As a researcher or a post graduate student in climate science you do most of your work on a computer. If you were working in a laboratory you would be following a set of rules and protocols, you would be documenting your experiments to be able to reproduce them later or describe them to others in a detailed and exact way. When we are sitting at our desk it is really easy to forget that what we are doing will eventually be shared with others. If you are writing a paper you are used  to receive a set of guidelines and to justify and references anything you write, as well as making sure is readable and well presented. We are not used to share our data and code but they are just another research product. As such they are also covered by requirements, however lots of these have been introduced only recently and the guidelines are continuosly evolving.

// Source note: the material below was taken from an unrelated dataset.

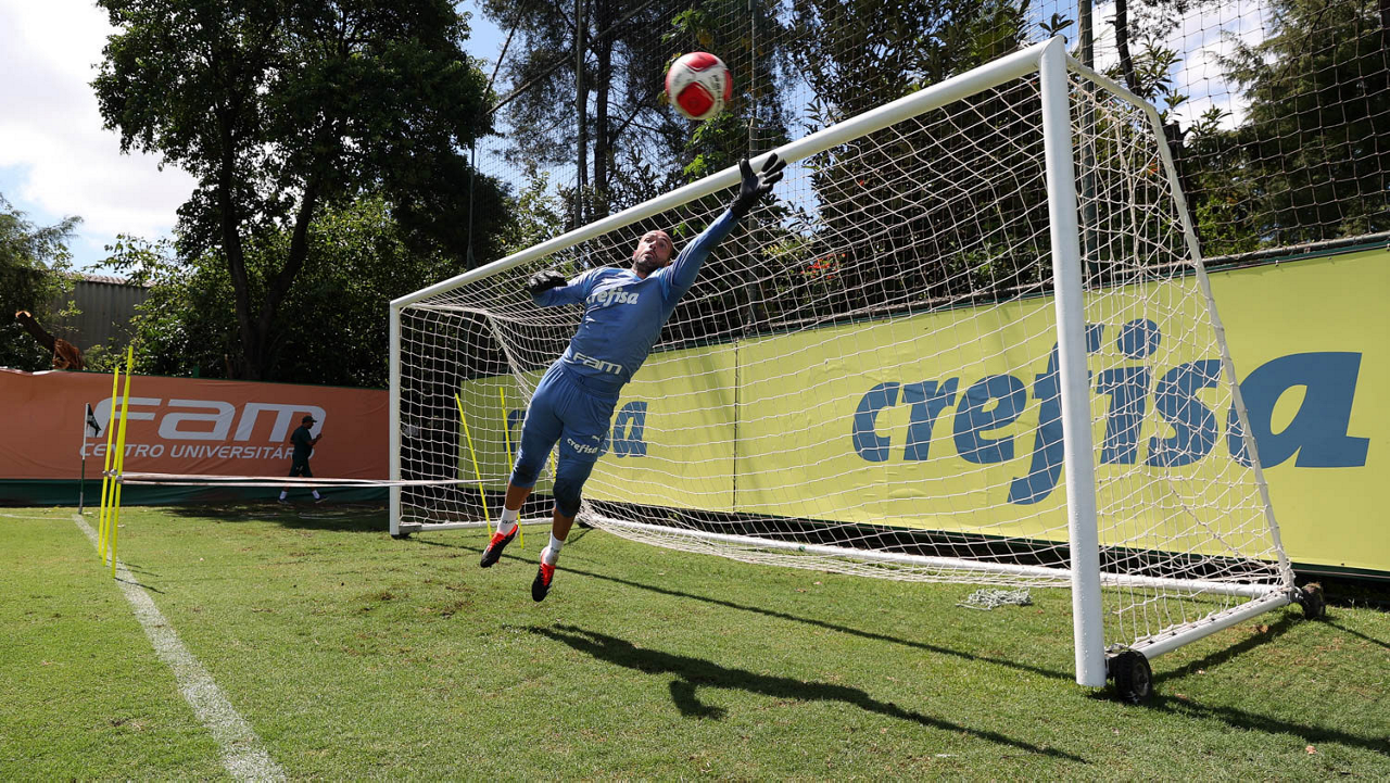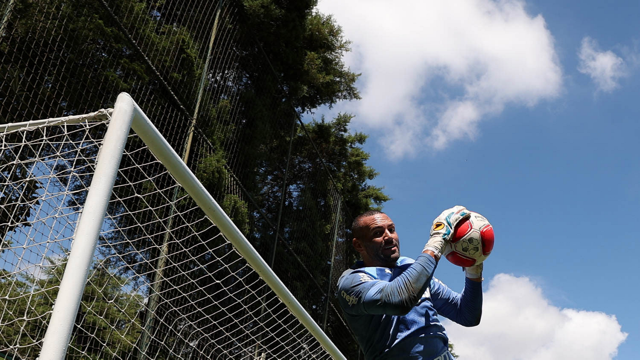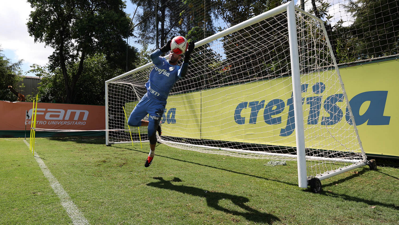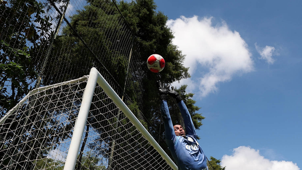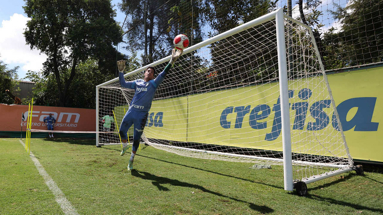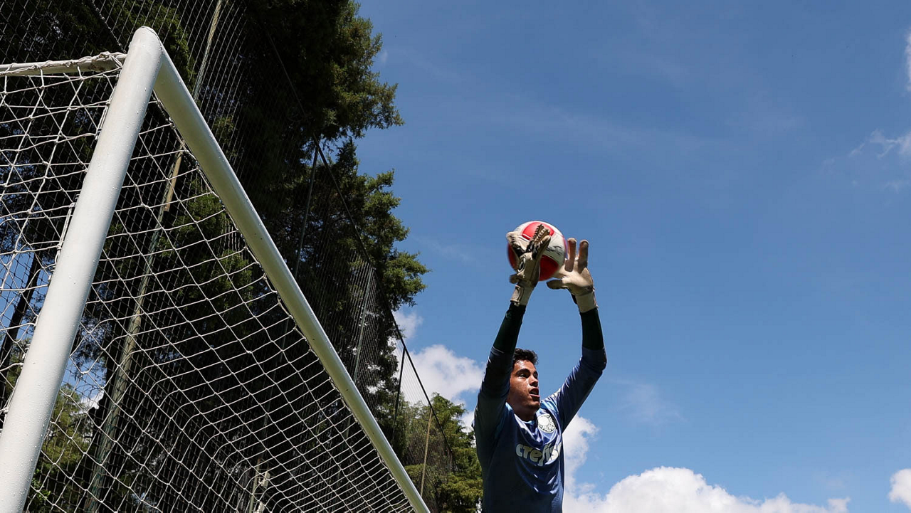 O goleiro Weverton, da SE Palmeiras, durante treinamento, na Academia de Futebol. (Foto: Cesar Greco/Palmeiras/by Canon)

This is why we prepared this data induction, as an attempt to clarify what your responsibilities are, by covering all the applicable data policies and requirements, but also providing a set of guidelines and services which will help you satisfy them.

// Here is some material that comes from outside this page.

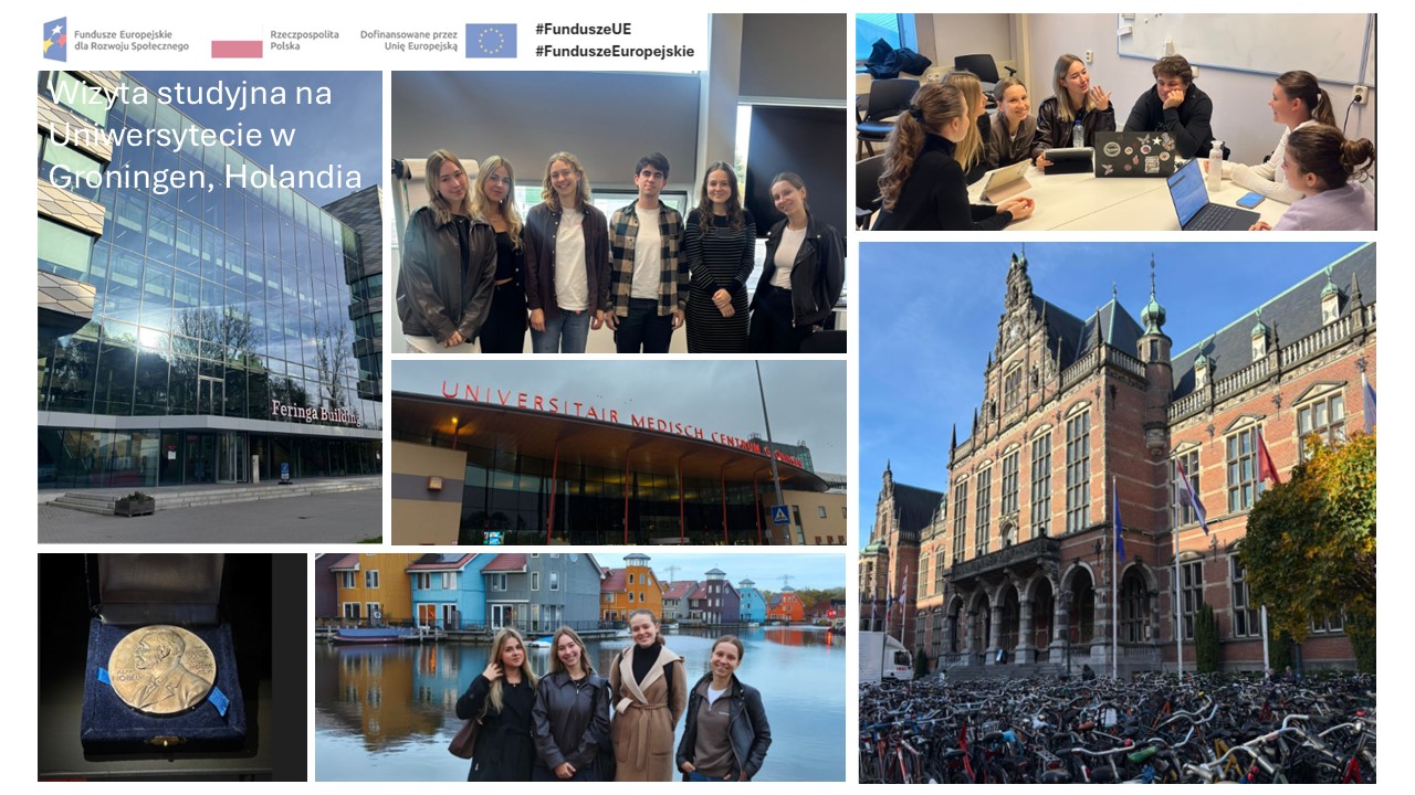 W ramach projektu UE poświęconego rozwijaniu tutoringu studenckiego, realizowanego ze środków ministerialnego programu „Wsparcie studentów w zakresie podniesienia ich kompetencji i umiejętności” (Zaproszenie Ministra Nauki i Szkolnictwa Wyższego – nabór II, FERS.01.05-IP.08-0217/23), studentki kierunku lekarskiego działające w SKN Epigenetyki i Nanotechnologii w Medycynie „EPIGENiusz” — Julia Staniszewska, Wiktoria Ziółek, Karolina Dudzik i Jadwiga Duda — odbyły wizytę studyjną na Uniwersytecie w Groningen w Holandii. Wyjazd umożliwił im poznanie z bliska funkcjonowania tamtejszego systemu peer tutoringu, który stanowi istotny element procesu kształcenia na tym uniwersytecie. Projekt tutoringowy koordynowany jest przez dr Paulinę Dudzik i dr Kingę Kocembę-Pilarczyk.

This induction is structured in three parts, starting from your responsibility as a researcher.

Part 1: Policy 

In the first part we are covering the ARC and institutional requirements, the journal publishers requirements and the CLEX data policy. Trying to put all these requirements together can be confusing and overwhelming. The key is to remember that the CLEX data policy is an intepretation of how these requirements can be applied to climate science and all our guidelines are aiming to help you satisfying them. We also try to cover gaps in data services and are always available to help you.

All the policies are based upon the FAIR principles so this is the best place to start to understand better what your data and code should look like and why this is important.

Part 2: Publishing

You can satisfy most of the requirements by publishing your data, which is why in the second part we focus on publishing. Publishing is also the best way of sharing your data with others. While just putting your data online somewhere might seems the quickest solution, if your data is not properly described and formatted, it is of little use to anyone.

Part 3: Best practices

The final part is covering the best practices to manage your data and code. Publishing is just the last step in your data workflow, proper planning and adoption of best practices from the start of your project makes publishing much easier as well as optimising the use of our shared storage and computational resources.

Induction outcomes

At the end of this induction you should have all the information necessary to manage, share and publish your data. In particular:

  • you will know what data you are required to archive, share or publish according to your institution, the ARC or in order to publish a paper.  
  • you will be familiar with the key data concepts and terminlogy
  • you will know how to choose and apply data and software licensing
  • you will be familiar with and know how to use conventions and standard used by the climate community
  • you will know how to manage storage and computational resources available to you
  • you will be ready when asked to publish data to make all the relevant choices:
    • which data to publish,
    • where to publish,
    • how to prepare your data and finally how to advertise your newly published dataset

 

Managing your data properly, in a way that makes your research easier to reproduce and share and more valuable, it is not complicated, it will eventually become just another working habit. However, you might encounter concepts and terminology that are new for you. To help you we listed the definitions of all the most commonly used terms, key concepts and acronyms.